We talked more, about a number of things. Then Dr. Edwards, whose footsteps I recognized, entered the room on her regular rounds and pulled open the curtain.
“Oh!” she said, surprised to find a visitor. “Is this a bad time?”
Marianne Engel pulled her hood into place and bolted, almost becoming tangled in the plastic curtain as she pushed her way past Dr. Edwards. On her way out, she looked back at me and implored, “Don’t tell!”

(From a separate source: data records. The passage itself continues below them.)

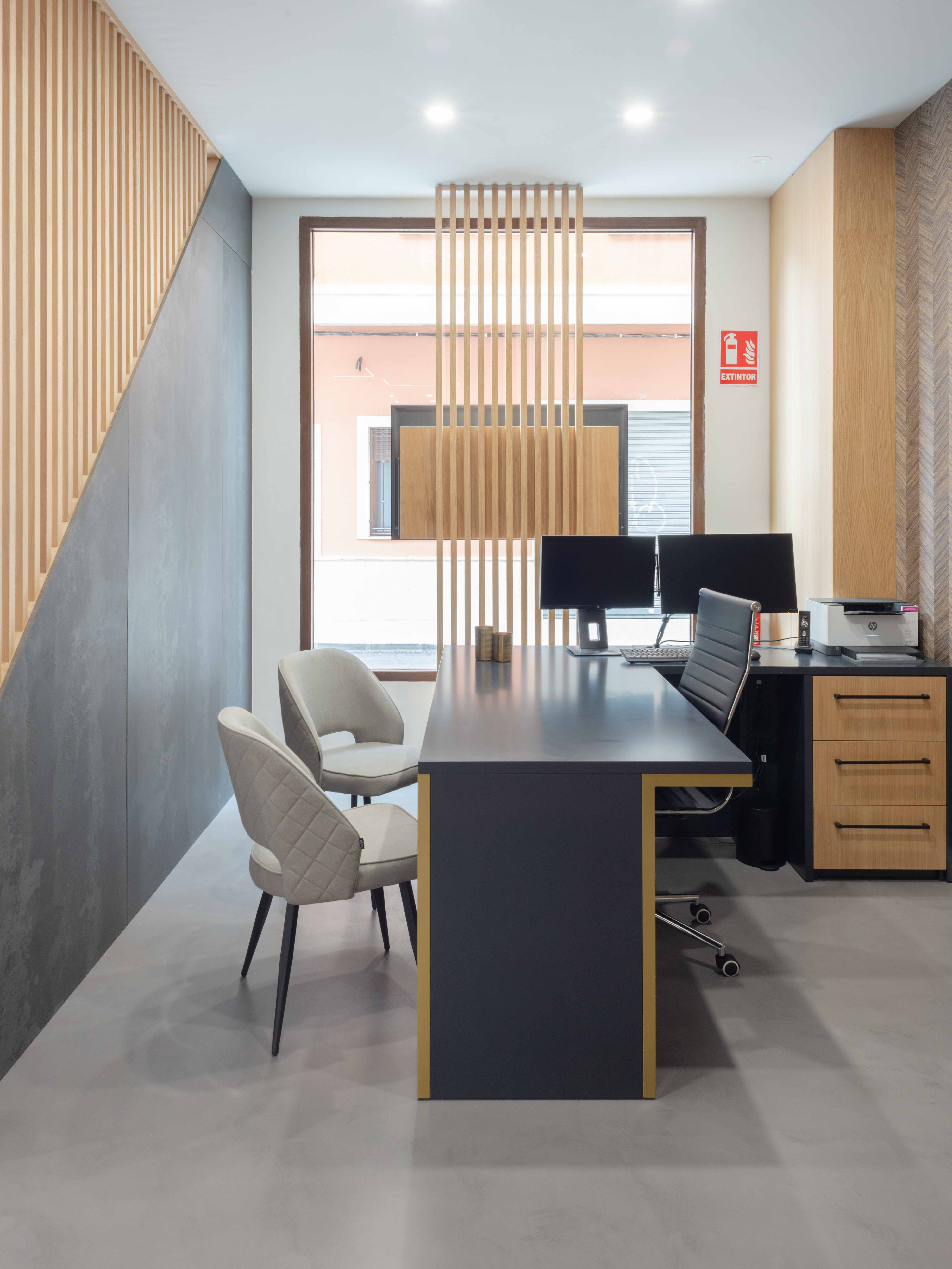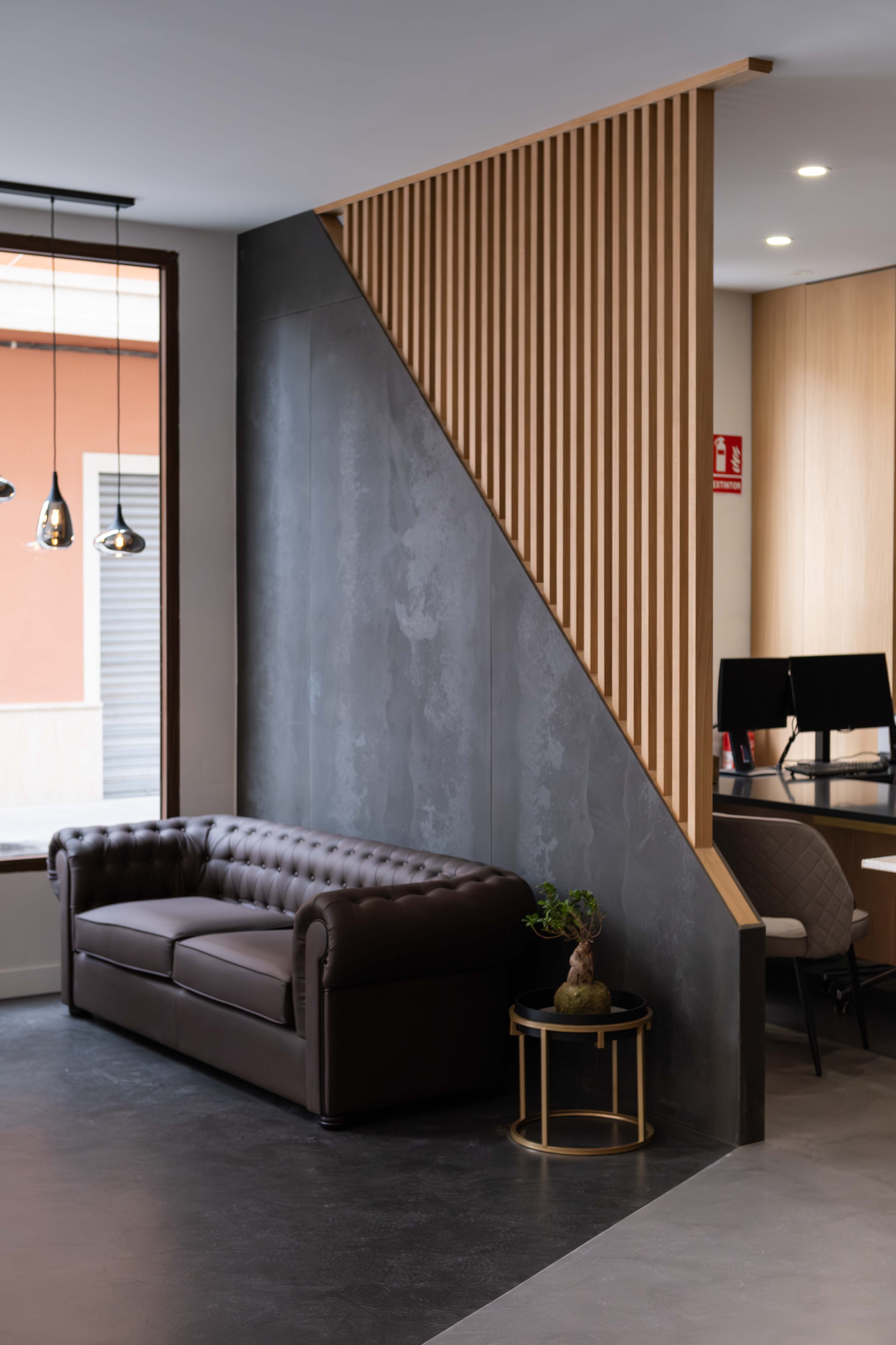 El proyecto se aleja de lo convencional para construir una atmósfera que transmite carácter, precisión y exclusividad desde el primer momento. El mobiliario, diseñado a medida, integra de forma sutil elementos del logotipo, convirtiéndose en un lenguaje propio que refuerza la personalidad de Asencio Homes.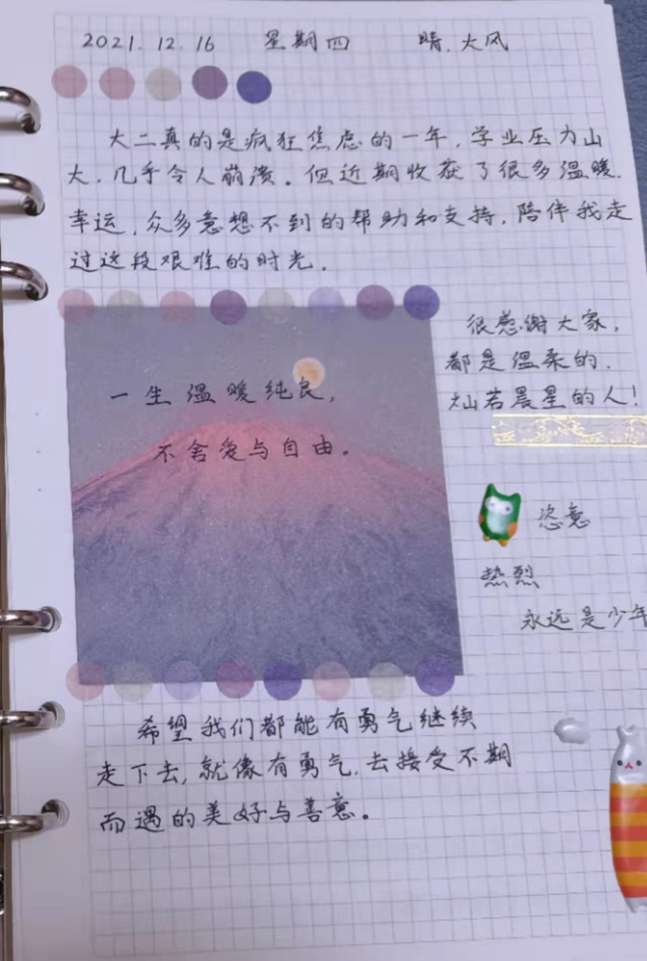 为加强心理建设在班级精神文明建设中的作用,通过集体活动的形式提升学生的心理素质水平,突出班级活动的“心理”特色,污污漫画 2020级本科2班于2021年12月-2022年3月举办了“2班的心灵漂流日记”活动。 活动通过让大家共同创建一本日记本,每个人都在上面留下属于自己的一页美好回忆来增进班级内部同学间的联结和了解交流,增强班级凝聚力,让心与心之间的距离更近。大学生活如此匆匆,通过这个活动可以留下宝贵的班级集体回忆。同时,这次活动也能让大家把平时没有机会表达出的自己的感受或者希望分享给大家的事情以一种书信的方式间接表达,避免了当面表达可能存在的尴尬,是一个很好的契机。 活动开始后,漂流日记将在每个宿舍停留两日,期间同学们在这本日记本中留下自己的一页内容,可以是心情,可以是想法,可以是吐槽,可以绘画,可以做手帐.....按照自己的想法与创意去完成这一页的内容。同时,也看看别人写了什么,留下了什么,如果双方愿意的话,还可以在日记本上进行文字间的互动。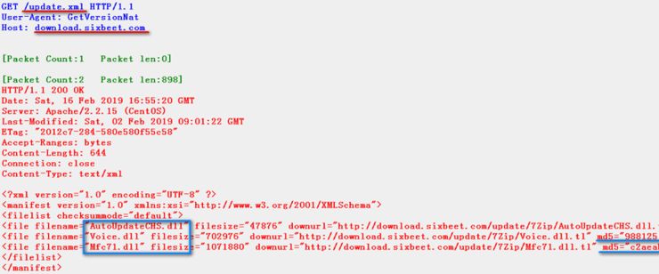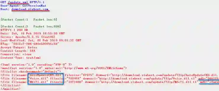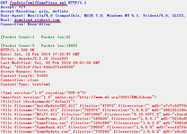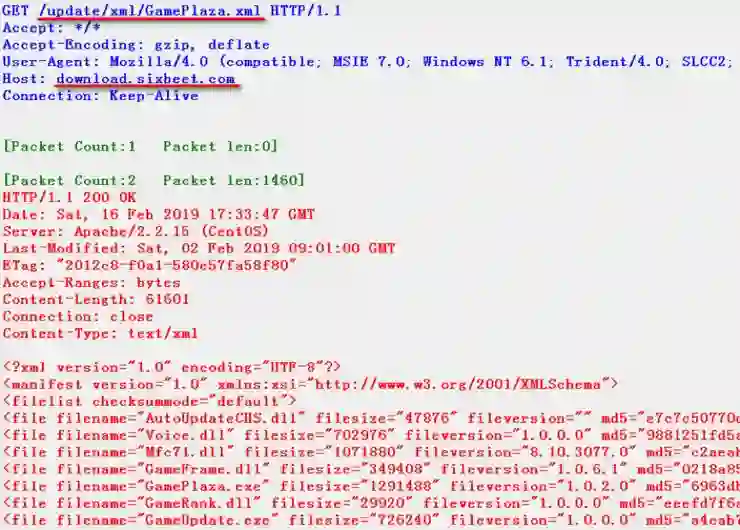 恶意模块“libcef.dll”启动后,联网下载“update.xml”配置列表,其中包含三个工作模块的文件名和hash值,用于替换“集结号”安装目录下的程序模块,保证启动的游戏能够加载恶意代码。

In the days that followed Marianne Engel’s visit, Nan began using an electric dermatome to harvest my own good skin and relocate it to the damaged areas. She told me that this was a step forward in my treatment, but it didn’t feel like one. The good skin still had working nerves, so each harvest literally ripped the covering from my body, leaving behind sites that were open wounds. It took about two weeks for each donor area to replenish itself before the procedure could be repeated. I was growing new skin only to have it removed again; I was a dermis farm, and the dermatome was the threshing machine.
After each harvest, I was smothered with creams and wrapped in loose bandages. A few days later, one of the nurses, usually Beth, would do the first dressing change after the procedure. Nan would stand off to the side checking the percentage of the graft that had adhered—the “take”—and a rough estimate was used to gauge whether the procedure was a success or failure. A take of eighty-five percent was good; anything below this would cause Nan to make a clicking sound with her tongue. Less than sixty percent meant she needed to perform another patch job.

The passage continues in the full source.